* **YOUR GOAL**: Set down, word for word, every line of the material below from the one containing "28680/26680 Песочный фильтр" through the one containing "Prov. | Comu. |", but none of its pictures.

* **LISTED ENTRIES**:
-----
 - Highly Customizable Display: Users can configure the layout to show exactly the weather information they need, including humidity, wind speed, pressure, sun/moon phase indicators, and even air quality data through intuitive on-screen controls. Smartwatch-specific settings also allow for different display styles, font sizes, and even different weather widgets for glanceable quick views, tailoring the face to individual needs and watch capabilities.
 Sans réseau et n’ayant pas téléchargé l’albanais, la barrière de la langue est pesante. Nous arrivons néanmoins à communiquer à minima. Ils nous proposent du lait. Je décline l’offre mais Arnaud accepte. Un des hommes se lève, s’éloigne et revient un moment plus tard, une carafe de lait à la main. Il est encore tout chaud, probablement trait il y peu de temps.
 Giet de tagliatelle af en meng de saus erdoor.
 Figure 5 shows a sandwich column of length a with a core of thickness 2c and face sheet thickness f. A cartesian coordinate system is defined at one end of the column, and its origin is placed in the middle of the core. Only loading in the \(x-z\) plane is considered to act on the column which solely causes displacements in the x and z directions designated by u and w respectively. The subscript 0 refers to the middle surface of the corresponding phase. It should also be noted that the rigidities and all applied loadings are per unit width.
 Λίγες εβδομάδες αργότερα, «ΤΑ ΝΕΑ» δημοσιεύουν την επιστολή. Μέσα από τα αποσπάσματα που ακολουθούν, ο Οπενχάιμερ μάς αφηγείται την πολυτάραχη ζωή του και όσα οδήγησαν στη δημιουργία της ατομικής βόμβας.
-----
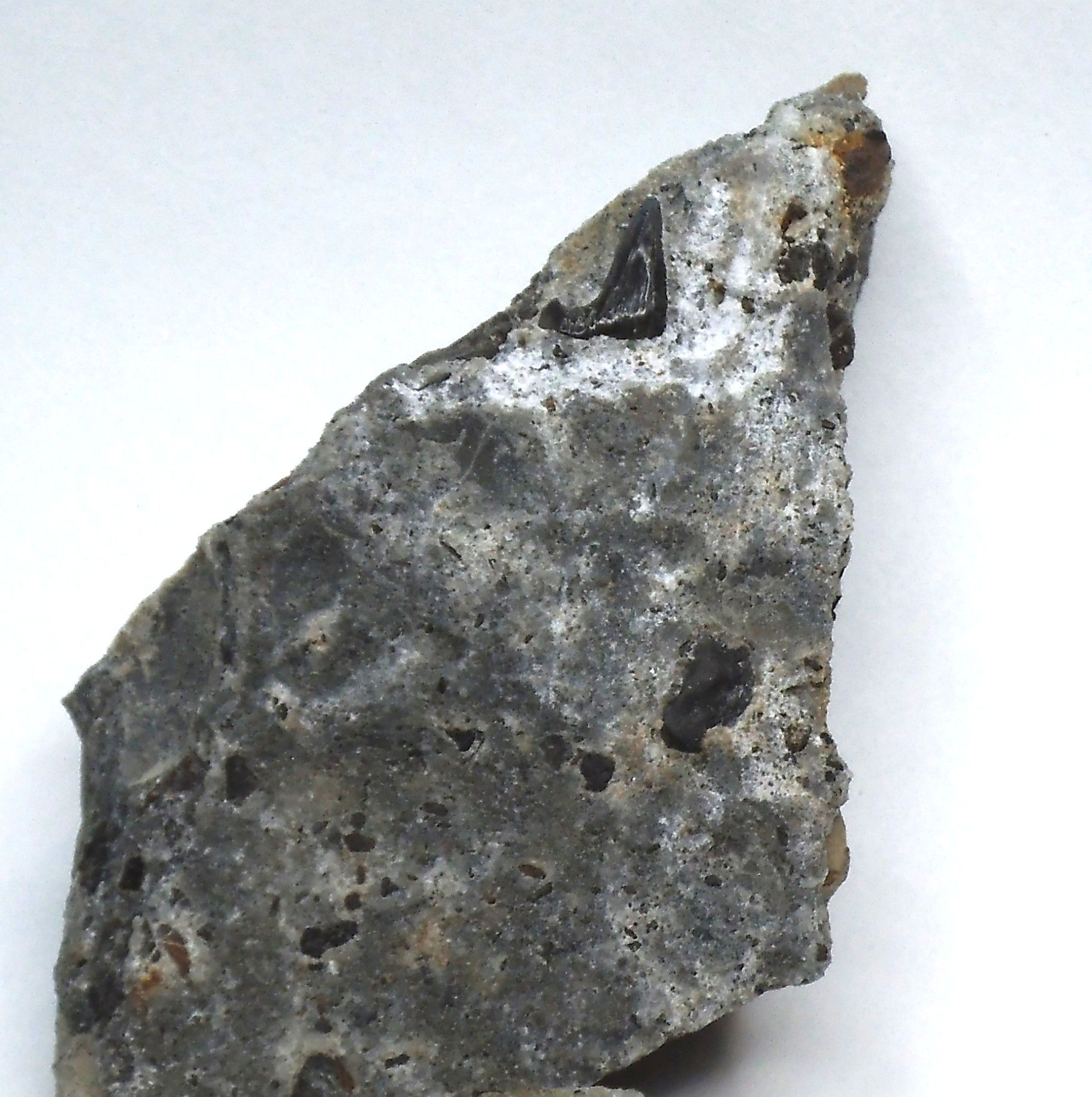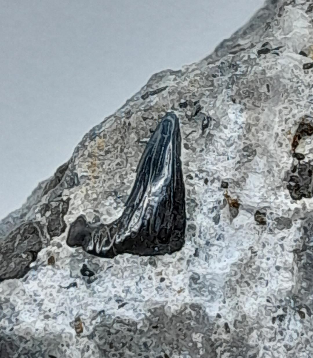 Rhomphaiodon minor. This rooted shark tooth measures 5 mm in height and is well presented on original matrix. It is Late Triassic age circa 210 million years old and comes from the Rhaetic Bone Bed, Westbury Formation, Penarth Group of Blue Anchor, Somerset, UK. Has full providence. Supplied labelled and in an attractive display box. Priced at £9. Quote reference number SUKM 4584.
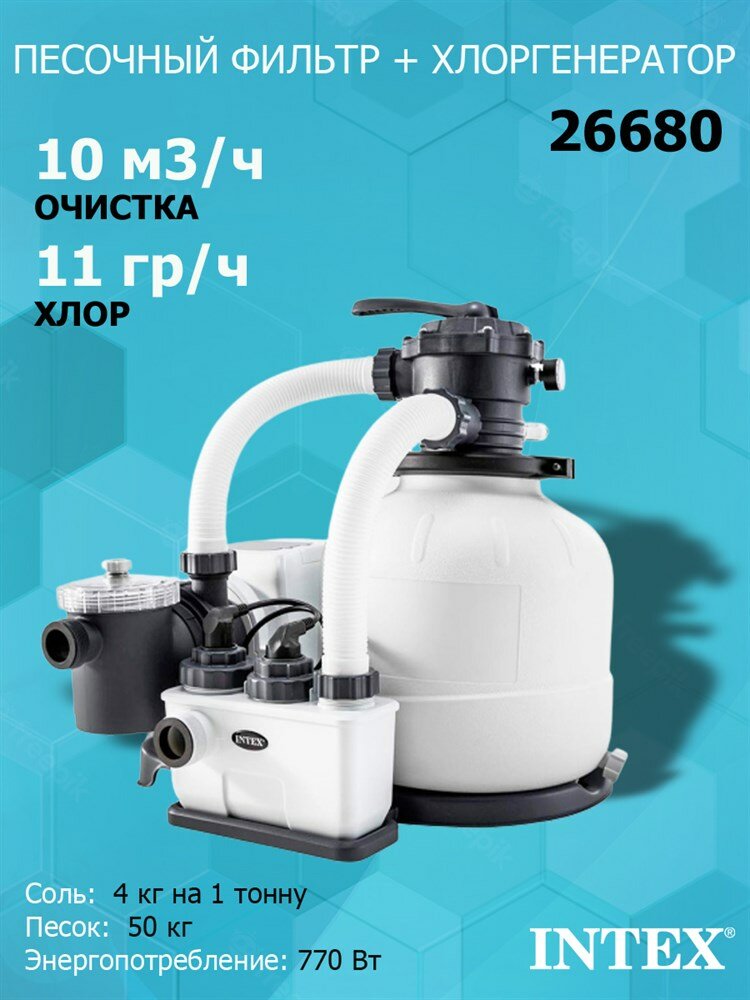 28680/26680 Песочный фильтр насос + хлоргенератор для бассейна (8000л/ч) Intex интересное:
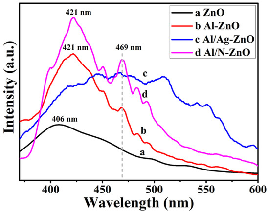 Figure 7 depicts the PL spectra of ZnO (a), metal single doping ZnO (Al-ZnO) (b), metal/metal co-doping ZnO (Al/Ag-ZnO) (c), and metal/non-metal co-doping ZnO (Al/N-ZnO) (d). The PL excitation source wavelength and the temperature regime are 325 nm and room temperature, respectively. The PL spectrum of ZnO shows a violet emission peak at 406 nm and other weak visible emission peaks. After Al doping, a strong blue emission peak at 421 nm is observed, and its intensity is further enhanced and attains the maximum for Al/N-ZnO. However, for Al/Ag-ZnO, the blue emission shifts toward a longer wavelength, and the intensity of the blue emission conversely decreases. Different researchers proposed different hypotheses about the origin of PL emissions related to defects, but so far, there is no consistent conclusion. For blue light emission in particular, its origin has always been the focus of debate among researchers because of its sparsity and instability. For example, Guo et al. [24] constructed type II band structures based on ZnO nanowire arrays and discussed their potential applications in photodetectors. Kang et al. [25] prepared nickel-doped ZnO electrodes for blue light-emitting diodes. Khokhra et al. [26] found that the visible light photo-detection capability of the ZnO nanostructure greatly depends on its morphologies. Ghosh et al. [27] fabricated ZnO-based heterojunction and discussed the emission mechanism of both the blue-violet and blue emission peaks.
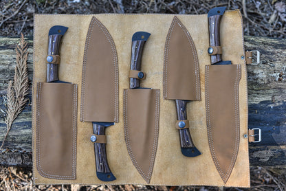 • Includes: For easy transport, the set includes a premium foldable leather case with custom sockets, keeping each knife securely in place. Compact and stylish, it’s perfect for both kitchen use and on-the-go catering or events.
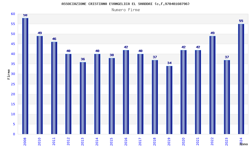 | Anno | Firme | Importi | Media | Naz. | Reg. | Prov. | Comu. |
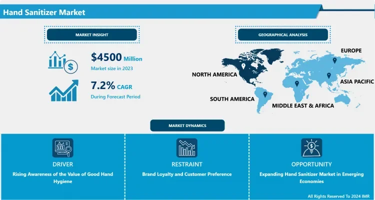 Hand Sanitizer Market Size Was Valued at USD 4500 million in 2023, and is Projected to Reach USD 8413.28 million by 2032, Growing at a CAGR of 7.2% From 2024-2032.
-----
* **RESULT OF THE TASK**:
 28680/26680 Песочный фильтр насос + хлоргенератор для бассейна (8000л/ч) Intex интересное:
 Figure 7 depicts the PL spectra of ZnO (a), metal single doping ZnO (Al-ZnO) (b), metal/metal co-doping ZnO (Al/Ag-ZnO) (c), and metal/non-metal co-doping ZnO (Al/N-ZnO) (d). The PL excitation source wavelength and the temperature regime are 325 nm and room temperature, respectively. The PL spectrum of ZnO shows a violet emission peak at 406 nm and other weak visible emission peaks. After Al doping, a strong blue emission peak at 421 nm is observed, and its intensity is further enhanced and attains the maximum for Al/N-ZnO. However, for Al/Ag-ZnO, the blue emission shifts toward a longer wavelength, and the intensity of the blue emission conversely decreases. Different researchers proposed different hypotheses about the origin of PL emissions related to defects, but so far, there is no consistent conclusion. For blue light emission in particular, its origin has always been the focus of debate among researchers because of its sparsity and instability. For example, Guo et al. [24] constructed type II band structures based on ZnO nanowire arrays and discussed their potential applications in photodetectors. Kang et al. [25] prepared nickel-doped ZnO electrodes for blue light-emitting diodes. Khokhra et al. [26] found that the visible light photo-detection capability of the ZnO nanostructure greatly depends on its morphologies. Ghosh et al. [27] fabricated ZnO-based heterojunction and discussed the emission mechanism of both the blue-violet and blue emission peaks.
 • Includes: For easy transport, the set includes a premium foldable leather case with custom sockets, keeping each knife securely in place. Compact and stylish, it’s perfect for both kitchen use and on-the-go catering or events.
 | Anno | Firme | Importi | Media | Naz. | Reg. | Prov. | Comu. |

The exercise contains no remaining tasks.